Hercules Computer Technology, Inc. was a manufacturer of computer peripherals for PCs and Macs founded in 1982.

History

Hercules was formed in 1982 in Hercules, California, by Van Suwannukul and Kevin Jenkins and was one of the major graphics card companies of the 1980s. Its biggest products were the MDA-compatible Hercules Graphics Card (HGC) and Hercules Graphics Card Plus (HGC+) and the associated standard, which was widely copied and survived into the 1990s.

The Hercules Graphics Card included a "Centronics compatible" parallel printer port, the same as the IBM Monochrome Display and Printer Adapter board that the card was based on.

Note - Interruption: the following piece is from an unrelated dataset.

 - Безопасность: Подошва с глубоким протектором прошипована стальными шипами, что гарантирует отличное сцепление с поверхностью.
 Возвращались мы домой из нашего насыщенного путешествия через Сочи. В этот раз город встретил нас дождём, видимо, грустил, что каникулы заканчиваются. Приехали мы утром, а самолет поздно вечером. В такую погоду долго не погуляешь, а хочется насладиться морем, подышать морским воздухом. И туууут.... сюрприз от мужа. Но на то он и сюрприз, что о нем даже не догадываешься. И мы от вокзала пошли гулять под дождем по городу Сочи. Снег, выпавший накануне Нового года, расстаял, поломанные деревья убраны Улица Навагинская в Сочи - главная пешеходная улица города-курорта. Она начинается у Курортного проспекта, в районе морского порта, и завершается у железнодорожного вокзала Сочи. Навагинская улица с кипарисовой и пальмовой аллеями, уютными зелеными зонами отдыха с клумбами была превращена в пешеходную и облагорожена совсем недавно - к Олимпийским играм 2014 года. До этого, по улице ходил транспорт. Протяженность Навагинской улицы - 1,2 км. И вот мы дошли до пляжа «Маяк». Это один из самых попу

The company also produced CGA compatible cards, and with the unsuccessful Hercules InColor Card, it tried to go head-to-head with the Enhanced Graphics Adapter (EGA).

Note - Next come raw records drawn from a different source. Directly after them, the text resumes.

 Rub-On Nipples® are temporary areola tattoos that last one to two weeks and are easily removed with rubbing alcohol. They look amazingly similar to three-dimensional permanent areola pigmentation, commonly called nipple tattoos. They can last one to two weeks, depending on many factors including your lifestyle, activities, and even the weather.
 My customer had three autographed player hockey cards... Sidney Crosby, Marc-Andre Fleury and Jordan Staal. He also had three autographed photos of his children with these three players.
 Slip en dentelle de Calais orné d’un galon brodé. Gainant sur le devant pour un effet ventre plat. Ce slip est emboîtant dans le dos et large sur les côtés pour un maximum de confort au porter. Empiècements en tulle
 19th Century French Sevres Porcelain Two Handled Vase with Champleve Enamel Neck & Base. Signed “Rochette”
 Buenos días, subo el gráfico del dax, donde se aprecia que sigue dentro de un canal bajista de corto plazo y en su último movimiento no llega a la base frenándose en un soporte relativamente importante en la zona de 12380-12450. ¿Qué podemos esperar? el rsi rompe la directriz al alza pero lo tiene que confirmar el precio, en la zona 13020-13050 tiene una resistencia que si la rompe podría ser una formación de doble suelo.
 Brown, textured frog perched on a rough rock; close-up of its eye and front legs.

After low sales with InColor, Hercules stopped making its own graphics core and bought graphics chipsets from other manufacturers. The company name gradually declined through the 1990s while graphics chipsets firms such as Tseng Labs, S3 Graphics, 3Dfx, nVidia and ATI Technologies became popular, but Hercules sales of graphic cards were still at US$20 million in 1998. An acquisition of Hercules by German graphics card maker ELSA fell through in 1998 after the companies could not agree on terms.

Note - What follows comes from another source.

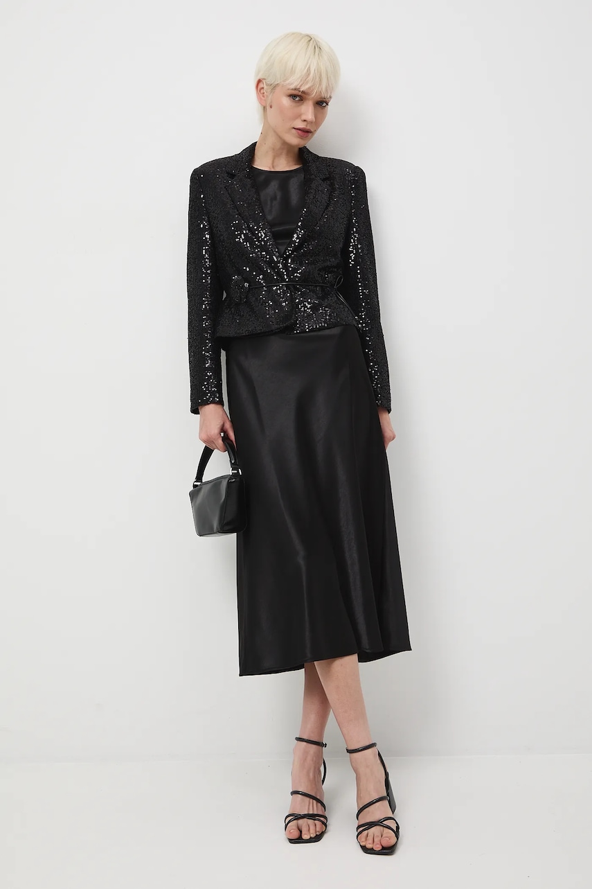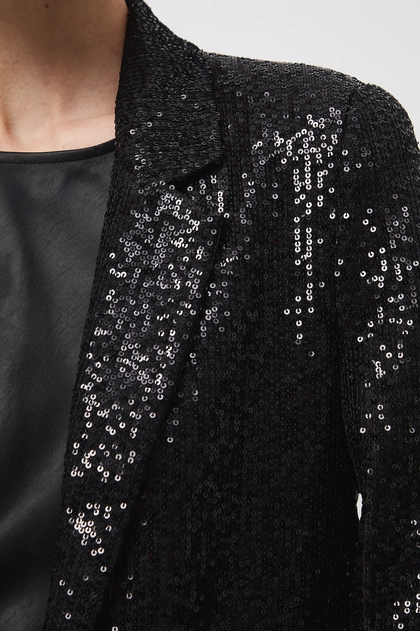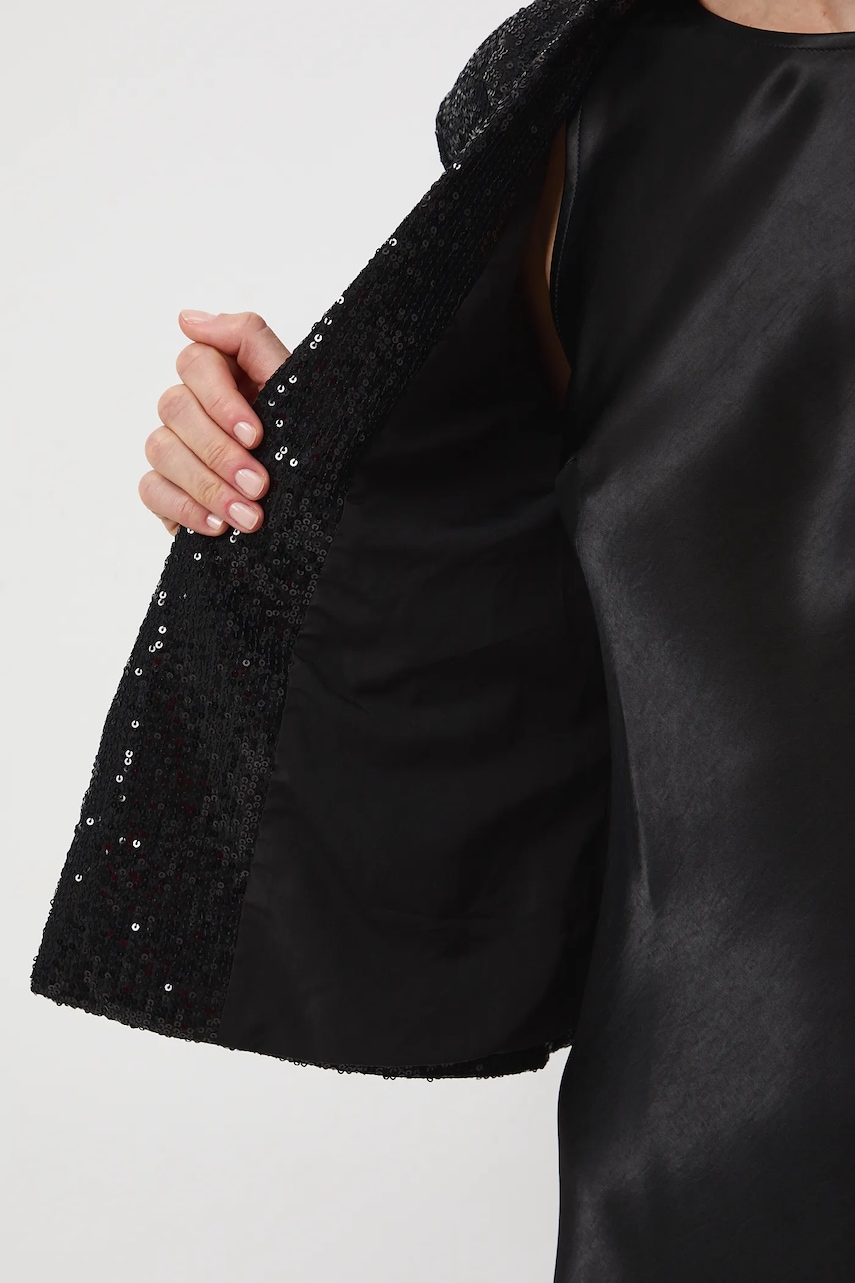 - Fason regular. - Długi rękaw. - W ramiona wszyte poduszki. - Klasyczne klapy. - Niezapinany model. - Model na podszewce. - Model z materiału z cekinami. - Długość: 55 cm. - Długość rękawa: 61 cm. - Szerokość w biuście: 48 cm. - Szerokość w barkach: 40 cm. - Wymiary podane dla rozmiaru: S. - Pasek widoczny na zdjęciu nie jest dołączony do produktu.

Brand acquisition by Guillemot 
The Hercules brand was acquired by the French-Canadian based Guillemot Corporation for $1.8 million. In 2000 Hercules became the brand name for Guillemot 3D Prophet graphic cards, based on nVIDIA chipsets, switching to ATI Technologies chipsets in 2002.

Also in 2000, Guillemot introduced a new sound card, Game Theater XP, with the Hercules brand name, and Hercules gradually became the computer peripherals brand in Guillemot Corporation.

In 2004, Guillemot announced it would cease to produce graphics cards. Within the Guillemot group, computer peripherals (audio interfaces, speakers, webcams, networking) are designed by the Hercules division and given the Hercules brand, while game peripherals are designed by the Thrustmaster division and receive the Thrustmaster brand.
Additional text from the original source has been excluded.